The main caveat in RDD is that because program impact is estimated locally, or using observations very close to the cutoff, the generalizability of RDD estimated effect is limited. While the evaluation results using RDD has strong internal validity properties considered by many as next only to RCT, it needs to be recognized that its external validity is limited to observation units near the eligibility threshold.

RDD can be characterized as an estimation of whether an outcome variable exhibits a discontinuous jump precisely at the cutoff of the running variable. The magnitude of the discontinuous jump at the cutoff may be estimated using a local regression that limits the observations to a specified bandwidth around the cutoff where the functional form is most likely linear. Figures below graphically illustrates a local linear regression RDD before and after program participation on a simulated data within a specified bandwidth, h. In the right panel, the discontinuous jump, tau, at the cutoff is the estimated program impact.

rd-beforerd-after

Drawing the graphs above:
// Before program participation 
set seed 2
set obs 1000
range x_obs -1 1 1000
g y_pre = x_obs^3 + rnormal()

tw scatter y_pre x_obs, msize(small) mcolor(gs10) ///
    || lfit y_pre x_obs, range(-.35 .35) lcolor(black) lw(thick) ///
        xline(0, lpattern(-)) ///
        yt("Outcome variable (Y)") ///
        xt("Assignment variable (X)") ///
        t("Before program participation") ///
        legend(off)  ///
        xline(-.35 .35, lp(-) lc(gs10)) ///
        text(-4.5 -.35 "{it:-h}") ///
        text(-4.5 +.35 "{it:h}")

// After program participation 
set seed 2
local tau = 1.25
cap drop y_post
g y_post= x +`tau' + rnormal() if x=0

tw scatter y_post x_obs, msize(small) mcolor(gs10) yl(-4(2)4) ///
     || lfit y_post x_obs if inrange(x_obs, -.35, 0), ///
        range(-.35 0 ) lcolor(black) lw(thick) ///
     || lfit y_post x_obs if inrange(x_obs, 0, .35), ///
        range(0  .35 ) lcolor(black) lw(thick) ///
        xline(0, lpattern(-)) ///
        yt("Outcome variable (Y)") ///
        xt("Assignment variable (X)") ///
        t("After program participation") ///
        legend(off) ///
        text(.9 0.05 "{&tau}", size(*2)) ///
        xline(-.35 .35, lp(-) lc(gs10)) ///
        text(-4.5 -.35 "{it:-h}") ///
        text(-4.5 +.35 "{it:h}")

How to select the appropriate bandwidth, h,  from which to estimate tau? The determination of the bandwidth is a tradeoff between bias and variance. Bias increases as one moves away from the cut-off while variance increases with smaller number of observations as one moves closer to the cut-off and vice-versa. A narrow bandwidth will have lower bias because more observations are near the cut off, but will have larger variance because of smaller number of observations. An optimal h therefore balances this tradeoff. Selcting bandwidths have been proposed by, among others, Imbens and Kalyanaraman (2012), Calonico, Cattaneo, and Titiunik (2014), and Ludwig and Miller (2007), which we will refer to as the IK, CCT, and CV (cross-validation) bandwidths, repsectively.

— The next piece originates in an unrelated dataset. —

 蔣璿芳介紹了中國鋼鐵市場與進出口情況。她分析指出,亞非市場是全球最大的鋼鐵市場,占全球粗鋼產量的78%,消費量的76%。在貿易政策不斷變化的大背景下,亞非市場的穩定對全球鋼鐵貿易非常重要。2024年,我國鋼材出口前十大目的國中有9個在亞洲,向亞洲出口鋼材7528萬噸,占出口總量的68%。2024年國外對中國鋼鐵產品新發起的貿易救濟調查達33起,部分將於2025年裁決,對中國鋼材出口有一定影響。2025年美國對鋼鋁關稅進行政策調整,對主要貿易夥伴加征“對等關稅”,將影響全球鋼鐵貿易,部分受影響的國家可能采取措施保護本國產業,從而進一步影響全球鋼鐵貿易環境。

In Stata, there are atleast three user-written RD estimation packages: (1) Austin Nichols’s -rd- (ssc install rd); (2) CCT’s -rdrobust- (ssc install rdrobust); and Boris Kaiser’s -rdcv- (ssc install rdcv). A comparison of these will be presented in Part 2.

 

Note: The discussions above are recycled from what I wrote for the report “Keeping children healthy and in school: Evaluating the Pantawid Pamilya Using Regression Discontinuity Design” (2014). Full report written with Dr. Babes Orbeta, Mico del Mundo, Melba Tutor, Mai Valera, and Dama Yarcia. We benefited a lot from Mattias Cattaneo (University of Michigan) who provided a short course on regression discontinuity here in Manila in September 2014 through the Asian Development Bank and Jed Friedman (World Bank) during the technical review sessions.

 

References:

Bloom, Howard. 2012. Modern Regression Discontinuity Analysis. Journal of Research on Educational Effectiveness, 5(1):43-82.

Calonico, S., M. D. Cattaneo, and R. Titiunik. 2014. Robust Nonparametric Confidence Intervals for Regression-Discontinuity Designs. Econometrica, 82(6):2295–2326.

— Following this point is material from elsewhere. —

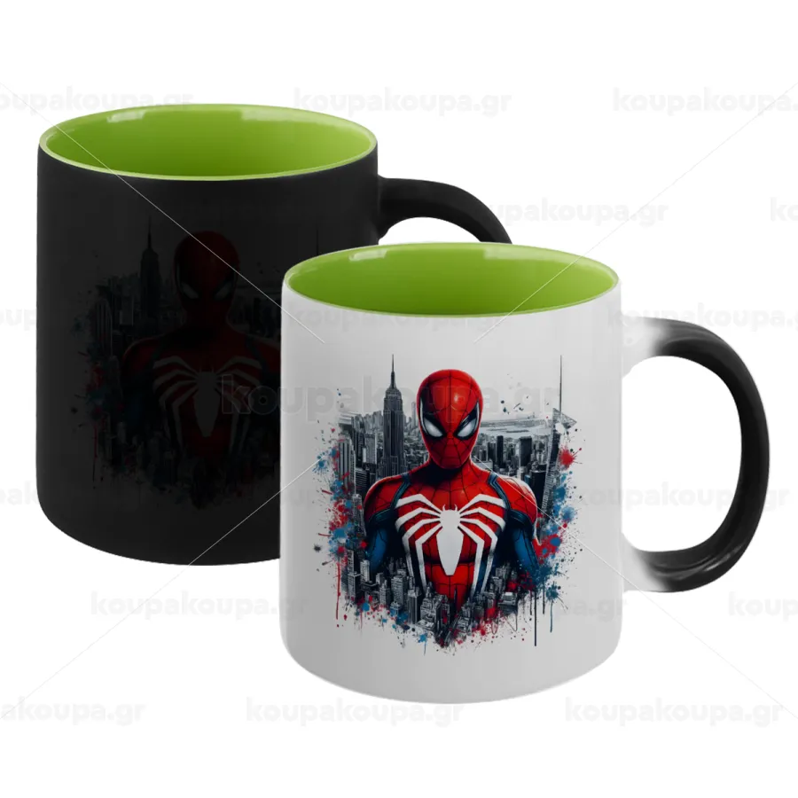 Spiderman City, Κούπα Μαγική εσωτερικό πράσινο, κεραμική 330ml που αλλάζει χρώμα με το ζεστό ρόφημα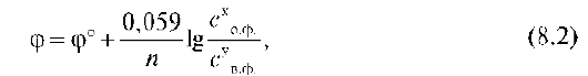 где φ°- стандартный окислительно-восстановительный потенциал пары, В; Со.ф. и Св.ф. - произведение равновесных концентраций окисленной и восстановленной форм соответственно; х и у - стехиометрические коэффициенты в уравнении полуреакций.

Calonico, Sebastian, Matias Cattaneo, and Rocio Titiunik. 2014b. Robust data-driven inference in the regression discontinuity design. The Stata Journal, vv(ii): 1–36.

Cook, Thomas. 2008. Waiting for Life to Arrive: A history of the regression-discontinuity design in Psychology, Statistics and Economics. Journal of Econometrics, 142(2): 636–654.

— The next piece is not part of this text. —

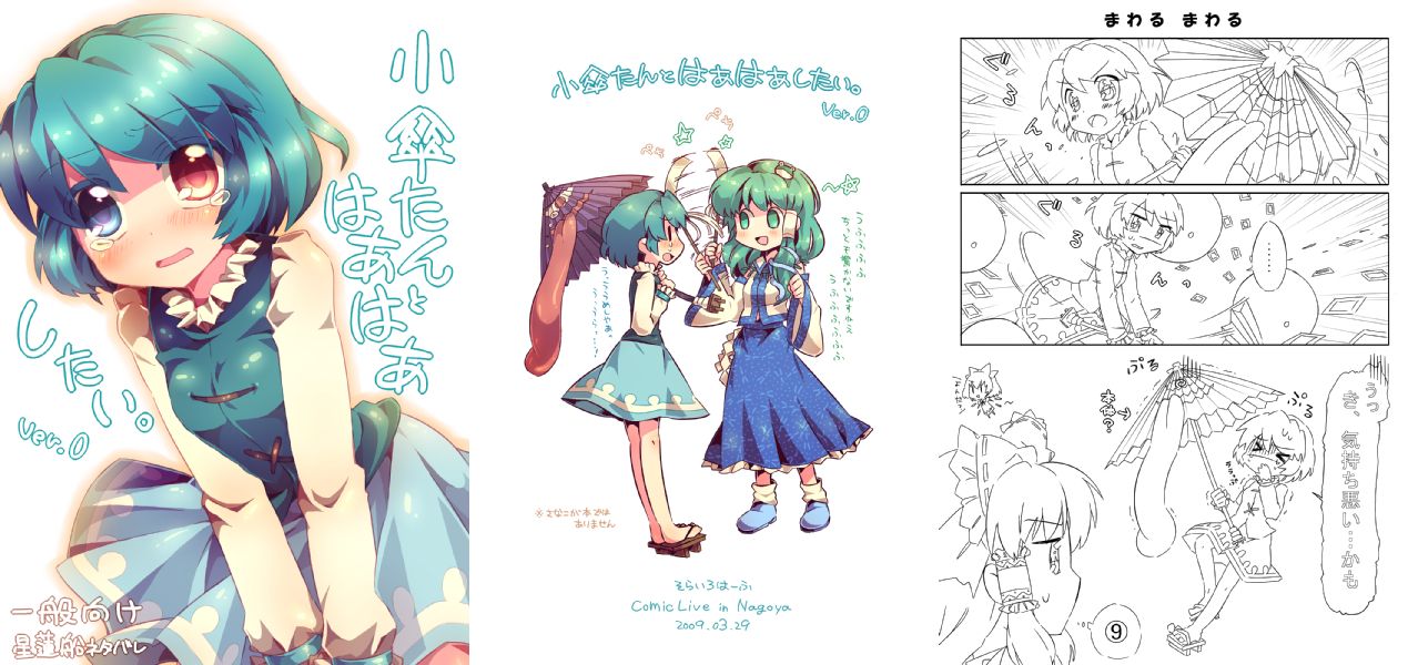 5girlsblue eyesblue hairbowcircled 9detached sleevesfemale focusfroggetagoheigreen eyesgreen hairhair bowheterochromiajapanese clotheskarakasa obakemikomultiple girlsred eyessandalsshort hairsnaketearstongueumbrellawings遶ュ・ィ

Hahn, Jinyong, Petra Todd, and Wilbert Vab der Klaauw. 2001. Identification and Estimation of Treatment Effects with a Regression Discontinuity Design. Econometrica, 69(1): 201–209.

Imbens, Guido and Karthik Kalyanaraman. 2012. Optimal bandwidth choice for the regression discontinuity estimator. Review of Economic Studies, 79: 933–959.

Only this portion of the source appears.